Who Fills the Gap Now?
Popverse’s Graeme McMillan put it bluntly in his February 2024 opinion piece: “The failure at the heart of ShortBox’s closure isn’t ShortBox’s, nor Akhtar’s, I hasten to add — it’s ours, as readers, as fans, and as people who love the comics medium: that more of us didn’t support ShortBox as a publisher enough, didn’t support new creators and talent enough.”
I think McMillan is half right.
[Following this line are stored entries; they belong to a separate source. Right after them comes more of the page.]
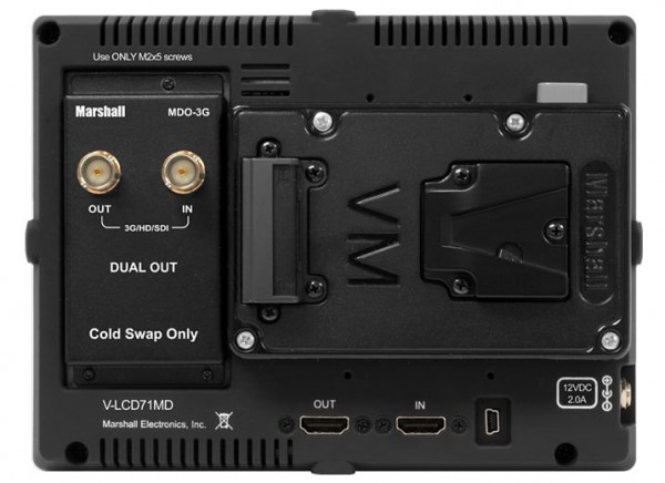 Marshall’s new V-LCD71MD is a 7 inch camera top monitor with a 1920×1080 resolution and a contrast ration of 800:1. The display is of the backlit IPS LED variety. It features Marshall’s modular input and output system so it capable of HD-SDI as well as HDMI with the correct adapter.
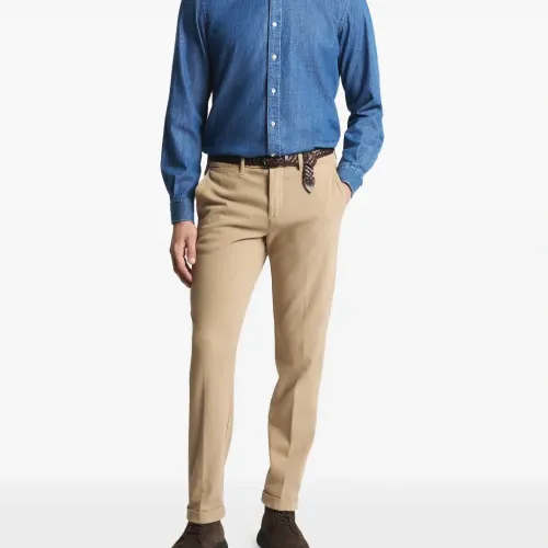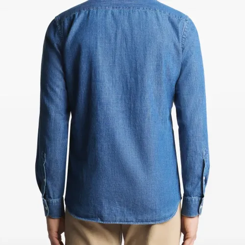 синий цвет, застежка на пуговицы, длинные рукава, манжеты на пуговицах, логотип
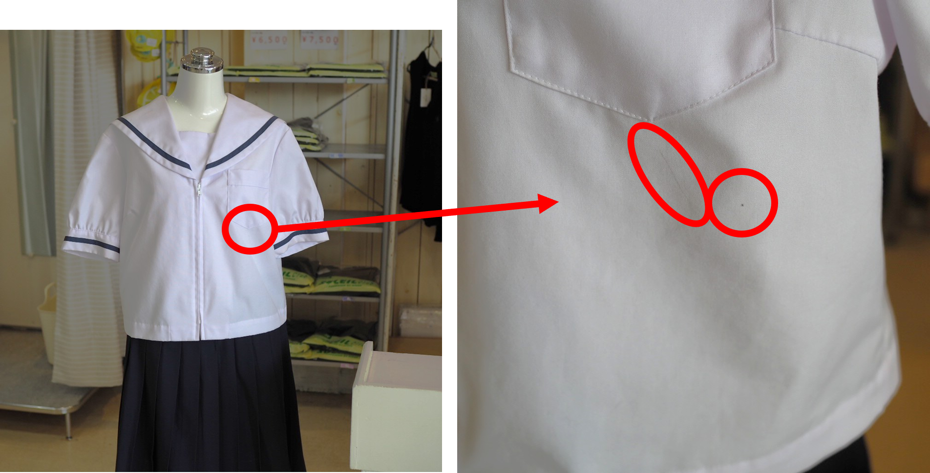 胸ポケット下と前の裾に細かな汚れがあります(4,5枚目)
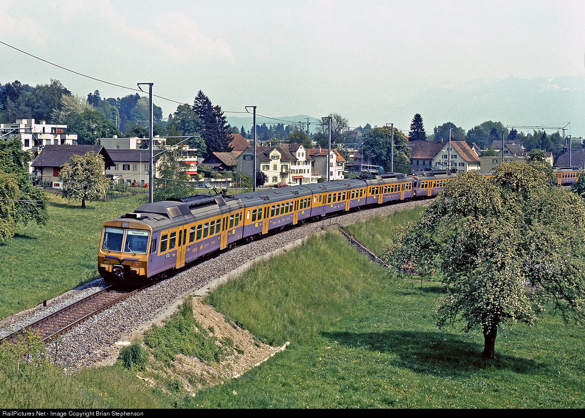Two of the four SBB prototype RABDe 8/16 EMUs head away from Kempraten towards the end of their journey from Zurich to Rapperswil. These four-car lightweight units built in 1976, with the nickname 'Chiquitas', did not prove very successful and have been scrapped many years ago.
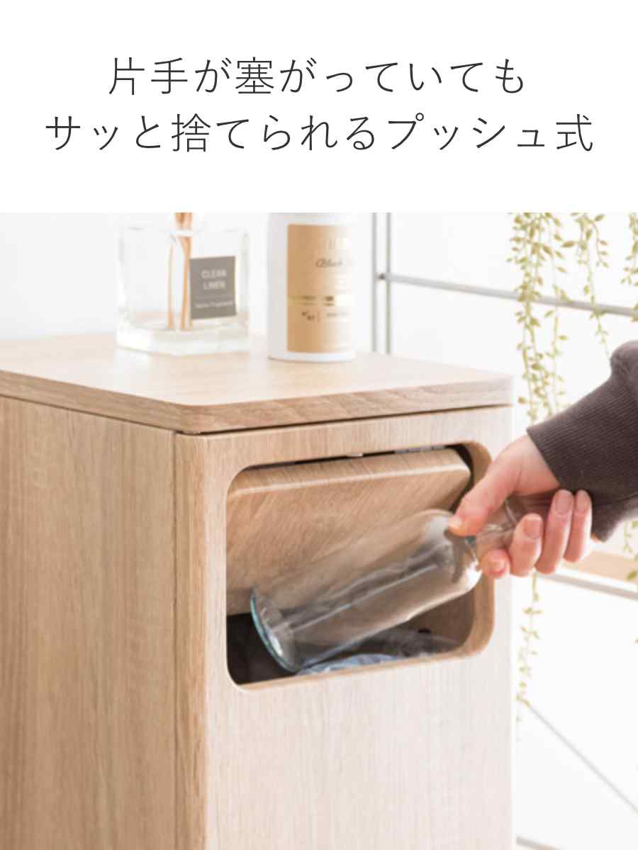インテリアに溶け込む木目調の2分別プッシュ式ダストボックス
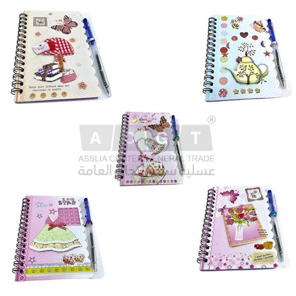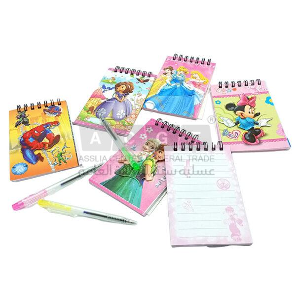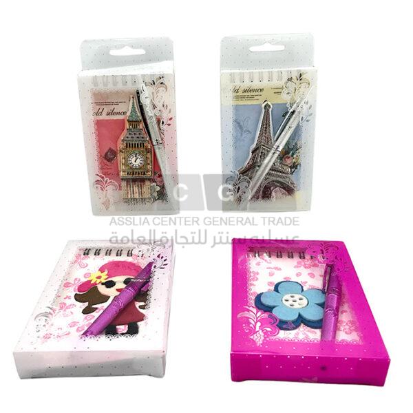 دفتر ملاحظات صغير الحجم مع قلم وربطات إضافة إلى طبع
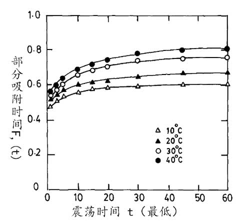 圖1.活性炭上的鋯離子在不同溫度下的振蕩時(shí)間(溶液濃度2 g / l,pH 1.9)。
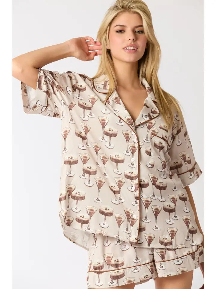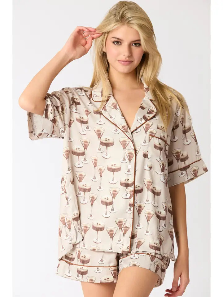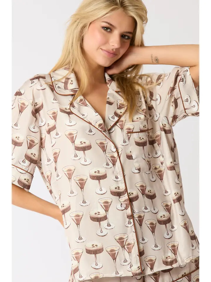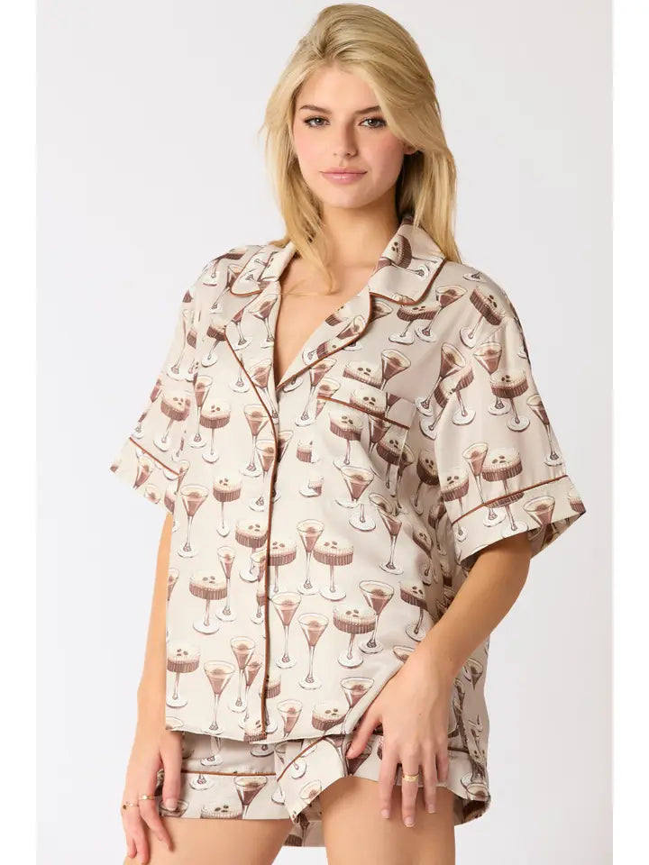 This pajama set is crafted from luxurious poly satin fabric, offering a smooth and silky feel that enhances comfort during relaxation or sleep. The fabric's lightweight nature ensures breathability, making it suitable for various climates and seasons. Featuring a playful espresso martini print throughout, this pajama shirt exudes charm and personality. The espresso martini motif adds a whimsical and fun element to the design, perfect for adding a bit of flair to your loungewear collection.
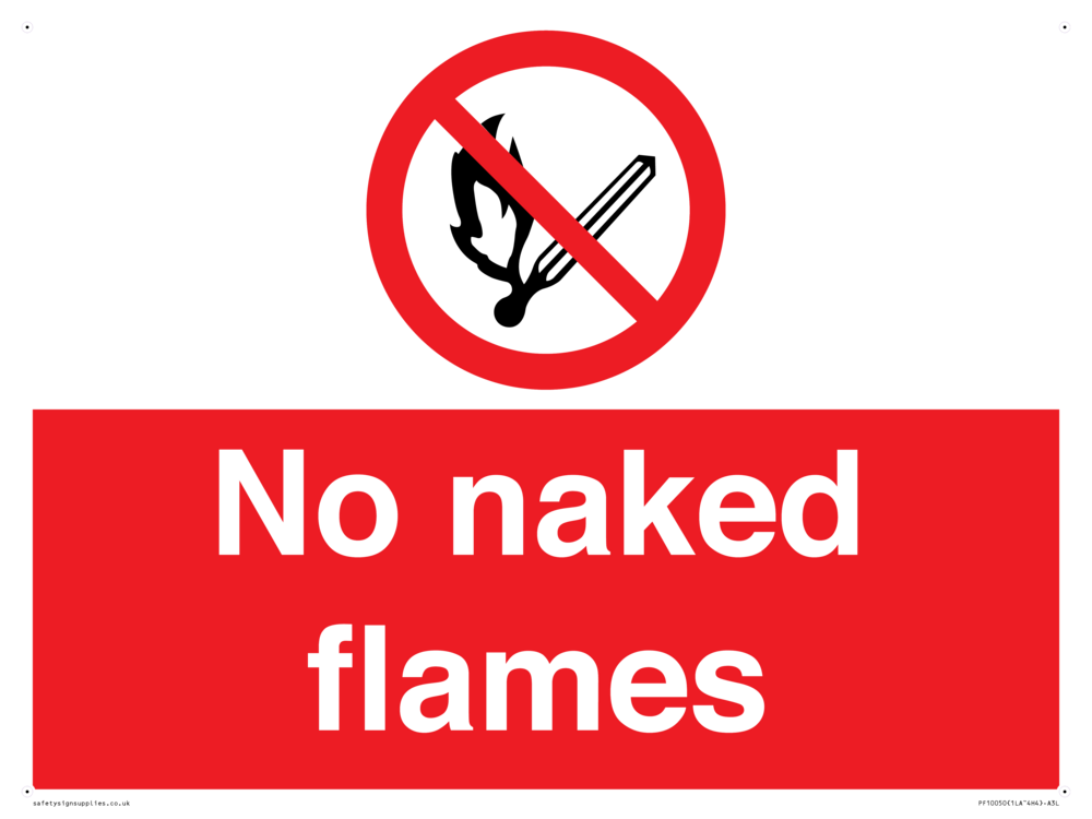 ISO 7010-P003 Prohibition: No open flame; Fire, open ignition source and smoking prohibited
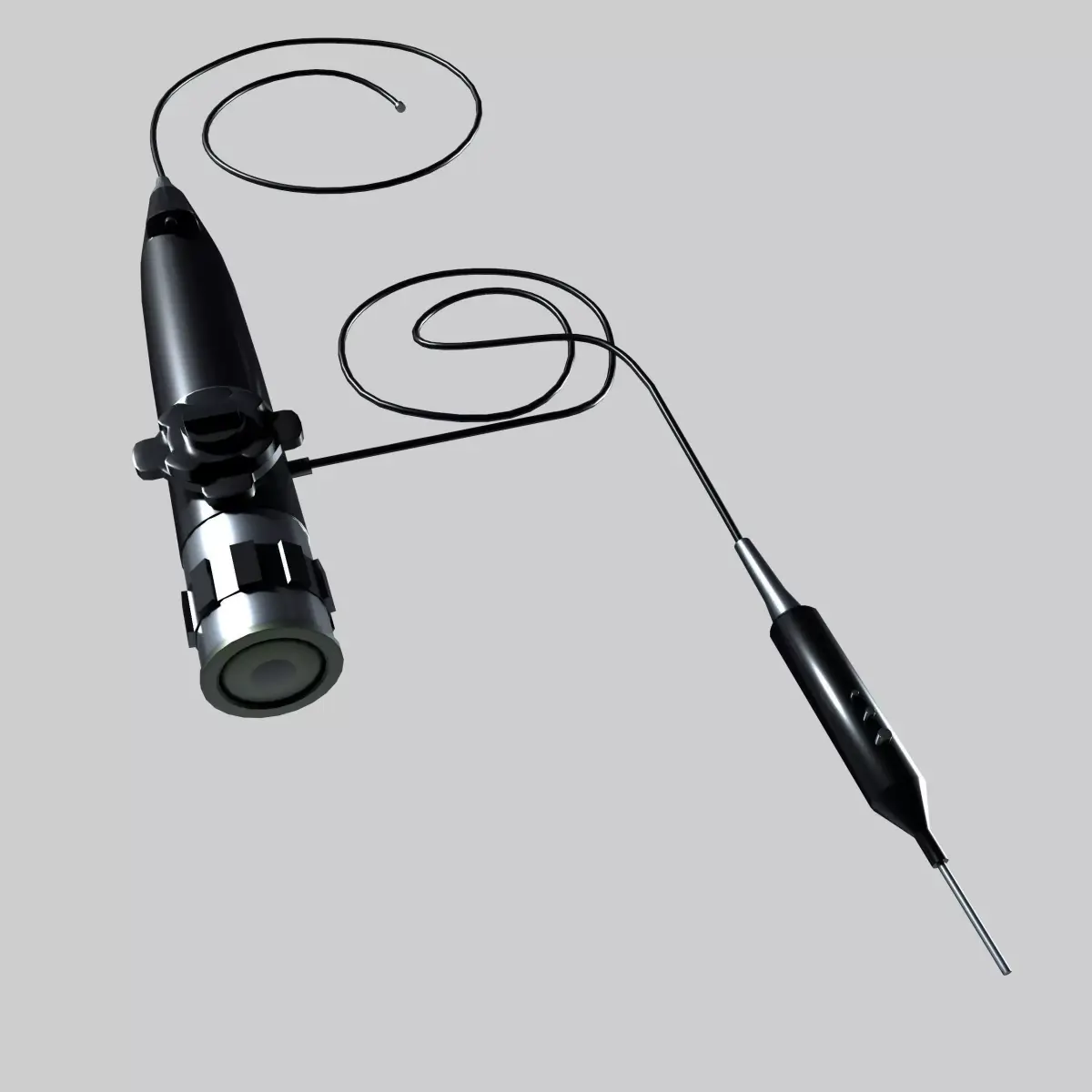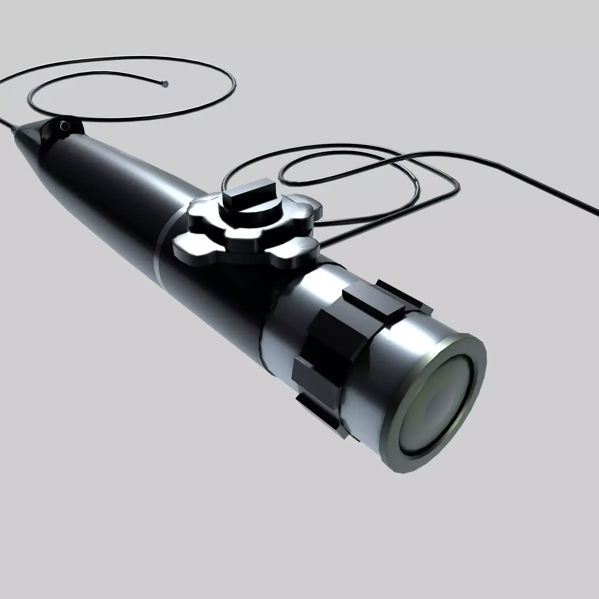 A high-quality 3D model of a medical endoscope, designed for realistic visualization in healthcare, simulation, and training environments.This model replicates the professional design of endoscopes used in clinical and surgical procedures, including a detailed handheld probe, cable, and scope tip.
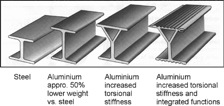 The ease with which aluminium alloys can be extruded to complex shapes makes valid the claim that it allows the designer to “put metal exactly where it is needed”, a requirement of particular importance with a relatively expensive material. Furthermore, this flexibility in design makes it easy, in most cases, to overcome the fact that aluminium and its alloys have only 1/3 the modulus of elasticity of steel (Figure 3). Since stiffness is dependent not only on modulus but also on section geometry it is possible, by deepening an aluminium beam by around 1,5 times the steel component it is intended to replace, to match the stiffness of the steel at half the weight. Also, at little added die cost, features can be introduced into the section shape which increase torsional stiffness and provide grooves for say fluid removal, service cables, anti-slip ridges etc. Such features in a steel beam would require joining and machining, thus adding to the cost and narrowing the gap between initial steel and aluminium costs. |
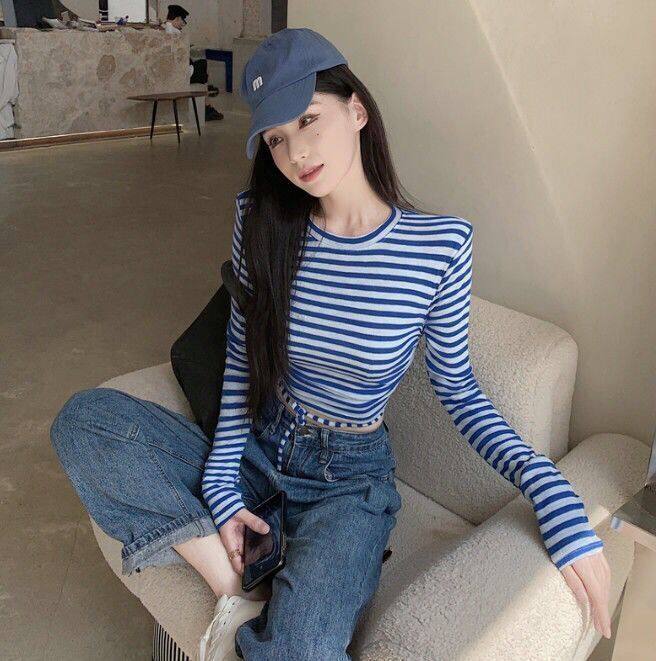 条纹T恤长袖彩色凹凸短款上衣

The audience bears some responsibility. But the real failure is structural. When a one-person publisher in Yorkshire can’t ship a £35 box to Brooklyn without losing money, that’s not a taste problem. That’s a trade policy problem, a logistics problem, and a market-design problem. Akhtar did everything right. She found the talent. She made the objects beautiful. She priced them fairly. She paid her creators. And the math still didn’t work.
What’s left behind is a gap shaped exactly like ShortBox, Koyama, Peow, and AdHouse. Bigger publishers will continue to absorb some of the talent these imprints discovered. The ShortBox Comics Fair will continue to surface new voices. But the physical incubator model, the place where a debut cartoonist gets a perfect-bound book with gold embossing and a global audience, feels like it belongs to a window that has closed. By our reckoning, the indie comics middle class didn’t die of a single wound. It was bled out by a thousand incremental cost increases, each one too small to protest and too large to absorb.
Frequently Asked Questions About ShortBox’s Closure
What was ShortBox and who ran it?
ShortBox was founded in 2016 by former critic Zainab Akhtar and was based in Yorkshire, England. It was a quarterly box of independent comics and goodies, curated by Akhtar in collaboration with Thought Bubble’s Assistant Director Clark Burscough. Each box contained five new, standalone comic books commissioned exclusively for ShortBox readers.
Why did ShortBox close?
Akhtar cited two primary reasons: spiraling international shipping costs and the added expenses of Brexit. Shipping a single box to North America cost £22 before any labor or packaging was factored in, making the £35 box price unsustainable. COVID-era convention cancellations also eliminated a third of the publisher’s expected 2020 income.
Is the ShortBox Comics Fair still running?
ShortBox Comics Fair, the innovative digital comics fair showcasing all-new, original comics from artists around the globe, hit its fifth year in 2025. However, Akhtar revealed she’d be taking 2026 off from the ShortBox Comics Fair. The Fair’s website confirms it will return in 2027.
What other indie comics publishers closed around the same time?
Koyama Press announced its closure in 2018 and ceased operations in 2021. Peow Studio announced its end in June 2021, and AdHouse Books closed after 20 years in July 2021. ShortBox ended its physical publishing in February 2024. All four publishers were critically acclaimed and operated with skeleton staffs.
Which notable creators got their start through ShortBox?
ShortBox published early or breakthrough work by Emily Carroll, Aminder Dhaliwal, James Stokoe, Rosemary Valero-O’Connell, Joe Sparrow, and many others. Valero-O’Connell won the Ignatz Award for Outstanding Artist and then took home Eisner Awards for Best Teen Publication and Best Penciller/Inker in 2020.
How much did ShortBox’s final Kickstarter raise?
1,441 backers pledged £68,116 to help bring the final ShortBox to life , far exceeding its £22,000 goal. It was the most successful ShortBox campaign ever, a fact that underscores the bittersweet nature of its closure.